国際競争の他に、機械との競争も起きている。 フォックスコンが従業員50万人をロボット100万台で置き換えるというように、人間の労働力は機械で代替されてゆく。 工場労働だけでなく。ホワイトカラーの仕事も情報化により機械で置き換えられてゆく。 この変化は止めようがない。 例えば、電子書籍が普及してゆけば、多くの書店の従業員やその配送にあたっていた人たちの職は失われるだろう。

このように低スキルの仕事は機械や、海外へのアウトソーシングで置き換えられてゆく一方で、高スキルの仕事の価値が高まっている。 実際、アメリカでは、単純労働の需要が減る一方、ソフトウエアエンジニアは人材難だという。 このようなメカニズムで高スキルの仕事の賃金が上昇する一方、その他の大部分の低スキルの仕事の賃金が低下し、貧富の格差が拡大する。

失業と貧困を生むメカニズム

このように、経済成長が頭打ちになる中で、生産性の向上を行わざるを得ない状況は、結果的に大量の失業を生むことになる。

そして、多くの失業者は、介護や飲食業などの国際競争に晒されない低生産性のサービス業に就かなくてはならず、このため低賃金に甘んじなくてはならないのである。

エネルギー制約により、世界経済のパイが大きくならない状況では、高生産性産業が出現しても、全体の生産量は、大きくできない。 従って、失業した人たちの多くは、必然的に、低生産性の職に就くか、失業を続けなくてはいけないことになる。 これが格差、即ち貧富の差の拡大を生むことになるのである。 

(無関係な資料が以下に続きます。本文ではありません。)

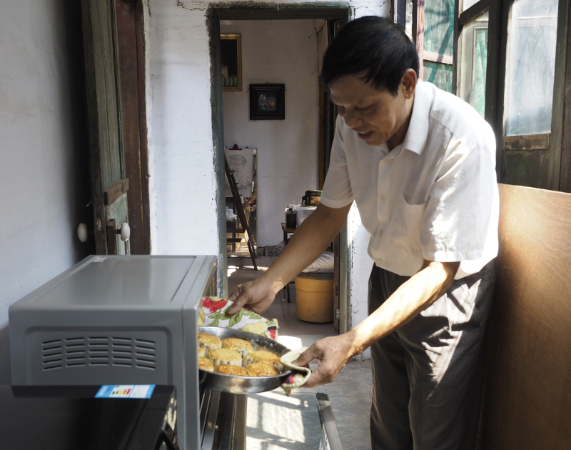 看到新鮮出爐的月餅,周振中露出了開心的笑容。
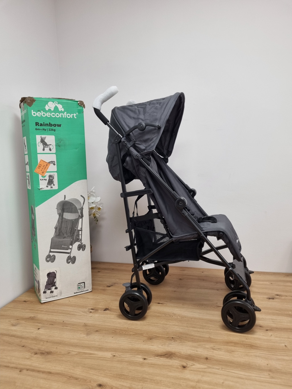 A multifunkcionális Bebeconfort Rainbow babakocsi ideális 6 hónapos és 3,5 éves kor közötti gyermekek számára. 15 kg-os súlyra tervezték. Gyermeked kényelmesen ül a párnázott ülésben még a leghosszabb utakon is, mivel a biztonságos és kényelmes ülés megtámasztja a babádat. Az állítható háttámla és lábtartó még kényelmesebbé teszi gyermeke számára, mivel a számára legmegfelelőbb pozícióban ülhet. Amikor már nincs szükséged a Bebeconfort babakocsira, könnyen (és gyorsan) összecsukhatod! A Bebeconfort Rainbow kompakt méretben tárolható az automatikus záródási mechanizmusának köszönhetően. Mindössze 6,6 kg-os súlyával a könnyű babakocsi ideális útközbeni használatra.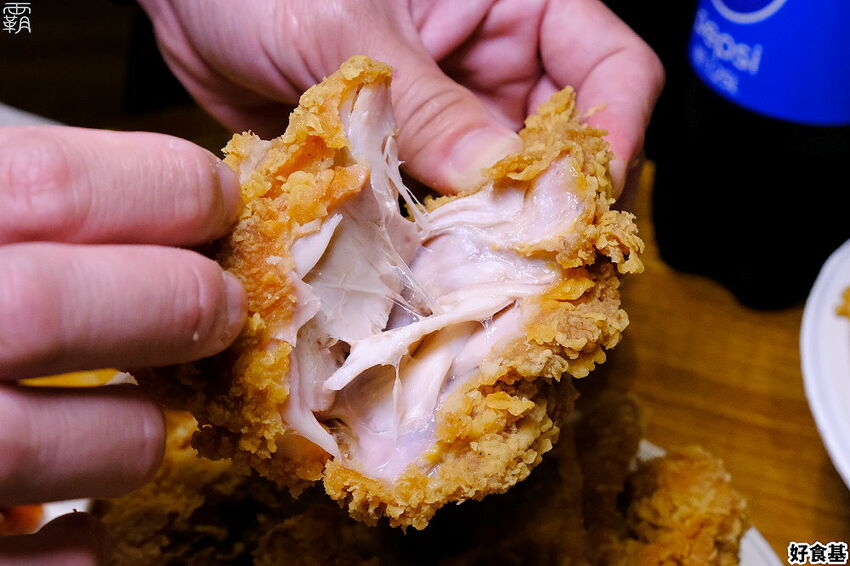 麵衣將雞肉的肉汁鎖在其中,用手撕開炸雞還能看見雞肉裡面的肉汁哩~讚~

藤沢数希氏は「10人の村で経済成長と失業を考える」の中で、

長期でみれば失業も倒産も社会にとって悪いことではない。ちょっとした成長痛に過ぎないのだ。

と書いたが、現在、先進国で起きていることは、もっとずっと深刻な問題である。 多くの経済学者、経済評論家の方々は、エネルギー制約、環境制約といった制約条件を見逃していないだろうか? 

政府債務問題の深刻化 

成長が頭打ちになるということは、政府債務に掛かる金利が正であることから、政府債務を削減しない限り、政府債務の対GDP比は雪だるま式に大きくなることを意味する。 従って、必然的に早急にプライマリーバランスを黒字化する必要性が生じることになると同時に、小さな政府を選択せざるを得ない。即ち、社会保障を削減し、増税を行う必要が生じる。

実際、先進国の債務問題は深刻であることは論を待たない。

つまり、格差が拡大し、弱者救済の必要性が増加する一方で、富の再配分を行うべき政府は力を失ってゆくという非常に困難な状況にあるのだ。 

まとめ

マルサスの予言は正しかったのである。 我々は、化石燃料の使用によって、マルサスの予言を遠くに押しやったかに見えたが、現在、その限界に直面しているのである。 この状況を救うには、安くて豊富な新エネルギーを手に入れるしかない、と思われる。 

(注)IEAはWorld Energy Outlook 2012で、シェール革命によりアメリカが近い将来エネルギーを他国に依存しないようになると楽観的な予測を述べたが、多くの疑義が出されている(例えばAleklett’s Energy Mixの記事に詳しい)

IEAやBPなどからエネルギー供給に関する楽観的な予測が喧伝される政治的背景については、Political transformation in the age of energy scarcityが参考になるだろう。